Она сказала это с презрением и даже ненавистью. Я сидела в старом кресле, к которому она придвинула журнальный столик с чаем и печеньем. Рыцарь развалился на диване.
— Вот, Ташечка, моя внучка Верочка, — сказала Кириллина, когда в столовую бесшумно вошла маленькая девочка в грязном байковом халатике. — На меня она, разумеется, никак не может быть похожа. От Саши, к сожалению, тоже не много взяла.
Она бессовестно врала — у девчонки были Сашины глаза. Правда, в ее возрасте они у него были другими, судя по его детским фотографиям, которых было множество — мы натыкались на них даже в ящиках буфета на даче. Девочке было лет семь, может, чуть больше. Она смотрела на меня без малейшего намека на любопытство — так смотрят в дождливый осенний день в окно. Сама она в это время ни на секунду не переставала чесать расческой кусок грязной овечьей шкуры.

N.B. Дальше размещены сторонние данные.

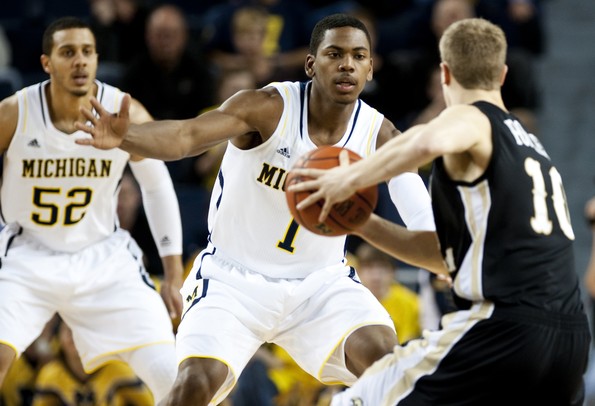 Michigan freshman Glenn Robinson III defends in the first half of the game against Western Michigan on Tuesday. Daniel Brenner I AnnArbor.com /calendar/photologue/photos/_UM Defeats Western/cache/12042012_SPT_UM_Western_BBall_DJB_0418_fullsize.JPG

— Верочка отстает в умственном развитии. Ясное дело — с ребенком нужно заниматься, как я когда-то со своим сыном занималась. А ее мать сама с грехом пополам окончила восьмилетку.
Верочка примостилась под роялем, слившись с его густой черной тенью. Я только слышала потрескивание меха о наэлектризованную пластмассу расчески. Мне казалось, Кириллину этот звук раздражал — она несколько раз передернула плечами. Правда, может, и от холода: в столовой было довольно прохладно.